On Monday we set out to explore Ely using a leaflet we had picked up the day before at the tourist information office in Oliver Cromwell's house at the top of the town. Asking for a self-guided walking tour we were given a copy of "The Eel Trail". The Island of Ely was originally just that, a twenty three square mile clay island rising out of the marshland and at a full eighty five feet, the highest piece of land in the fens. The waters all around it had an abundant supply of eels and they were both an important part of the staple diet locally and a key asset for trade with buyers coming from London to meet the popular demand for jellied eels. The eels may well have given the island its name and were so vital to the local economy that they became embedded in every aspect of life in the town.

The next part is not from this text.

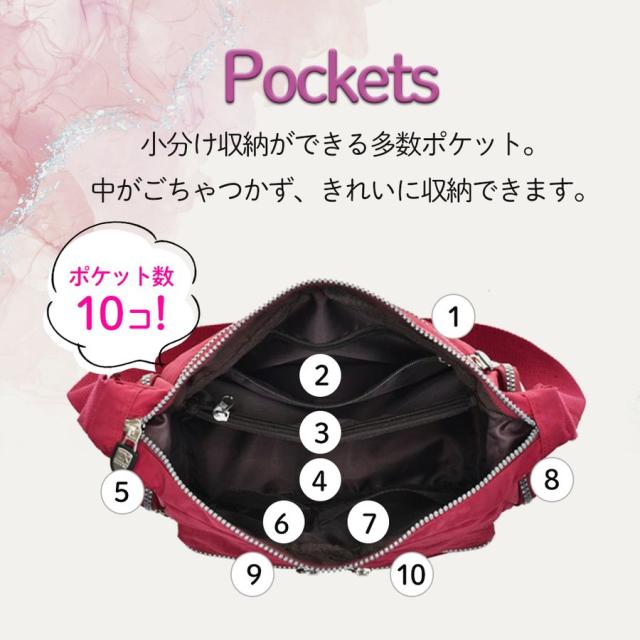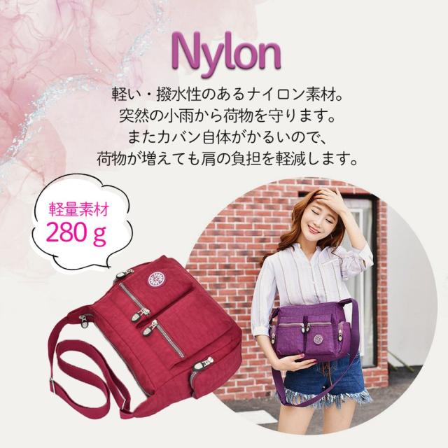 ショルダーバッグ ミニショルダー レディース 軽い 斜めがけ ナイロン ポケット 多い ファスナー 多収納 撥水 通勤 通学 鞄

Following the trail, on a grey, showery but slightly less blustery Monday morning we saw many references to the eels and there are displays, sculptures and other forms of artwork all along the route that commemorate the city's relationship and history with them. However, the trail does give a good way to find your way around and there is more to see in Ely than the eels. Its island past is obvious in the steep rise from the waterfront towards the centre. The cathedral, visible from many miles around across the flat landscape, really is magnificent.

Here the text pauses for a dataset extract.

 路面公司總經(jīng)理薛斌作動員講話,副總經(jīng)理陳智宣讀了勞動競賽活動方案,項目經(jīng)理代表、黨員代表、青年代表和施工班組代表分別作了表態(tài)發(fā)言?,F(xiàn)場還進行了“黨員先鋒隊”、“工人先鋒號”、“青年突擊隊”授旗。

A lot of property in the area around it is owned by the King's School, which is clearly extremely affluent. The Abbey Porta, begun in the fourteenth century, once the main entrance to Ely Monastery and later used as the Prior's Prison is now owned by the school.

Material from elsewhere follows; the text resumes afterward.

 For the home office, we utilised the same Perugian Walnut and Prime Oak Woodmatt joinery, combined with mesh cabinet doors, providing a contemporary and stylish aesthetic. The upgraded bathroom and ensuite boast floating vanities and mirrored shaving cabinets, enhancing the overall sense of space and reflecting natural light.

As is this collection of buildings with the parish church behind it, which, we think, could easily be mistaken for the cathedral.
It has to be said that the buildings and the grounds around them are kept in immaculate condition.
The town itself has a really nice feel with some quirky and independent stores alongside the familiar high street names, which all seem unusually discreet. There are plenty of good pubs, bars, restaurants and cafes and the market square in the centre holds different types of market on several days of the week.
Down at the waterfront there is still plenty of history, as well as an art gallery, a very popular tearoom and a huge warehouse of tat. Billed as an antique centre, housed in an eighteenth century maltings building, with creaking wooden floors and rickety stairs, this claims to offer ten thousand square feet of 'antiques' of all kinds.
There is silver and glass and some furniture on display but primarily it is full of the most ridiculous junk, fit for a car boot sale. Yet no-one could go in there without finding themselves drawn to something in the clutter and anyone with a specific interest, from train sets to stamp collecting, could not fail to find something to pull at their purse strings, with a promise of extending their collection.
We rounded off our day with a tour of Oliver Cromwell's House.
Although the tourist information office and a gift shop are in the main foyer there is quite an extensive tour of the Lord Protector's former family home with an audio tour to guide you round and plenty of information on Cromwell's rise to prominence and his role in the Civil War. They also run Escape Rooms and a number of other activities for groups and the place is well worth an hour or two to visit.
Overall, Ely seemed a very nice place with a good atmosphere and everything you could possibly need, except a mobile broadband signal. This is the only place, so far, where we have struggled to get any decent internet access since we added the O2 SIM to our armoury back in Milton Keynes. In Ely there was a decent signal only at the very top of the town, whether on O2 or EE and almost nothing elsewhere. For an actual city, in such an affluent area and so well-appointed in other ways this seemed really strange.